Please give back, exactly as written, the lines from the line with "-. Title : Shopkins" to the line with "- Seat, backrest, armrests: Moulded" in the listing below, leaving out all pictures.

Available data>
........

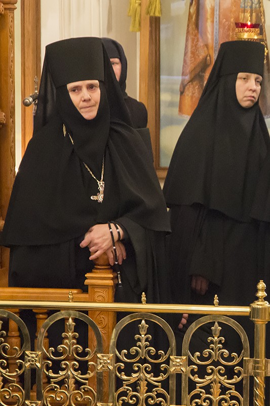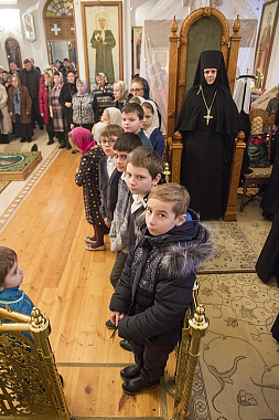 Преображенский соборный храм обители был заполнен молящимися. На богослужение в этот праздничный воскресный день собрались все монашествующие сестры и послушницы монастыря, а также многочисленные паломники. У левого клироса чинно расположилась большая группа детей – воспитанников монастырской Воскресной школы. Особый благоговейный молитвенный настрой придавало богослужению стройное пение монастырского хора сестер и послушниц святой обители.
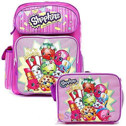 -. Title : Shopkins Large 16" Inches Backpack with Matching Lunch Bag Set - Licensed Girls
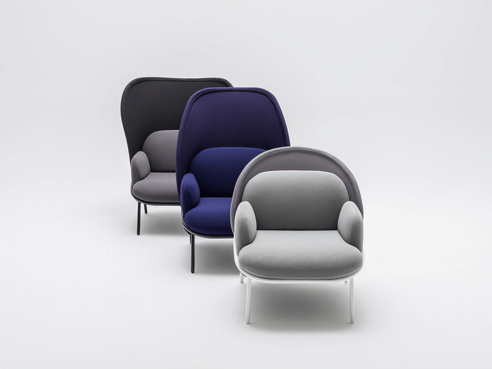 - Seat, backrest, armrests: Moulded foam, density of 55 kg/m3, upholstered.
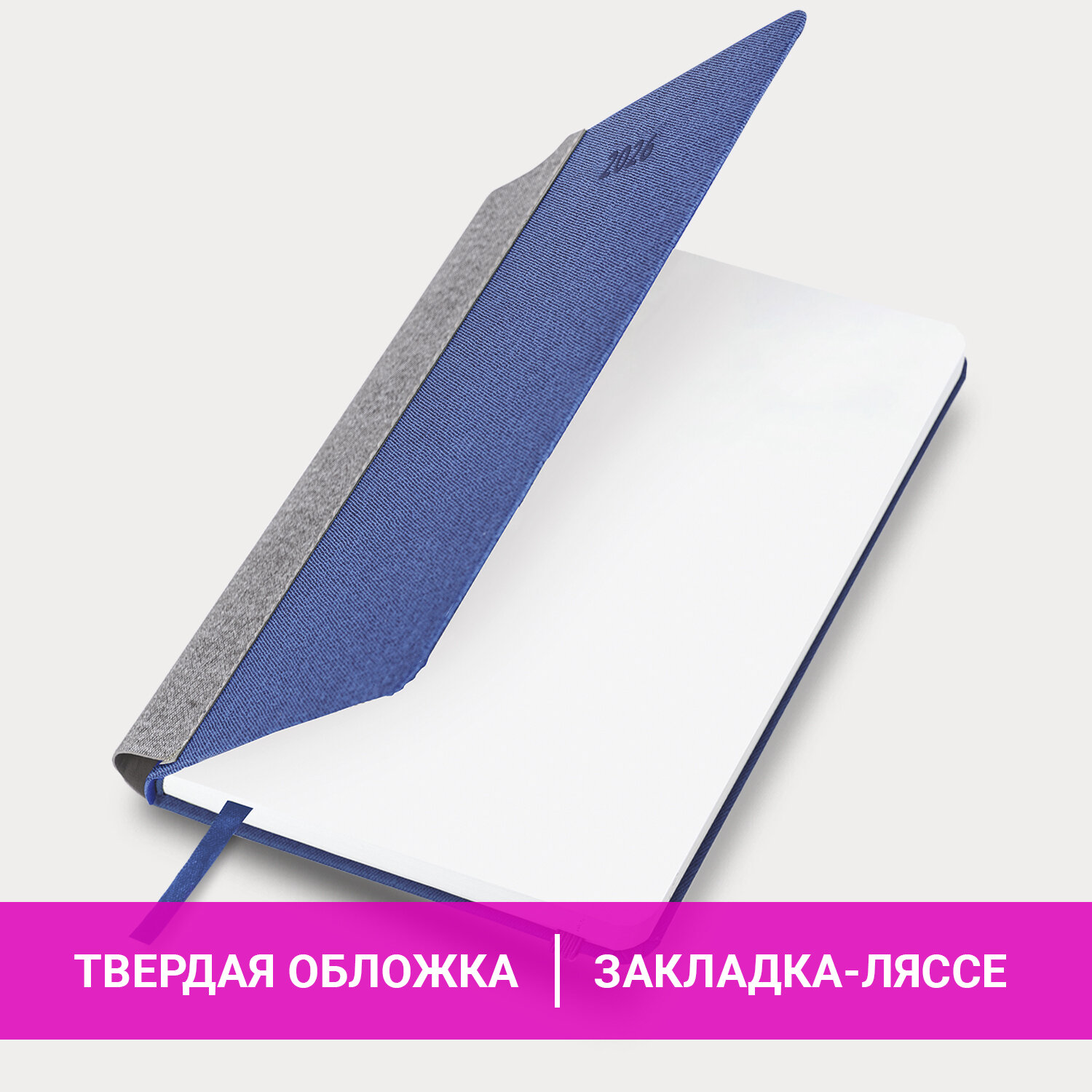 Выполнен в стильном сочетании синего и серого цветов. Жесткая книжная обложка стилизована под искусственную кожу с текстурой льна, фиксируется резинкой, поэтому ежедневник не откроется в сумке или портфеле и страницы не помнутся. Материал обложки подходит для горячего тиснения. Для удобства пользования ежедневник снабжен карманом для фиксации ручки. Дополнением является закладка-ляссе, с помощью которой при необходимости можно быстро открыть ежедневник на нужной странице.

........

Your solution>
 -. Title : Shopkins Large 16" Inches Backpack with Matching Lunch Bag Set - Licensed Girls
 - Seat, backrest, armrests: Moulded foam, density of 55 kg/m3, upholstered.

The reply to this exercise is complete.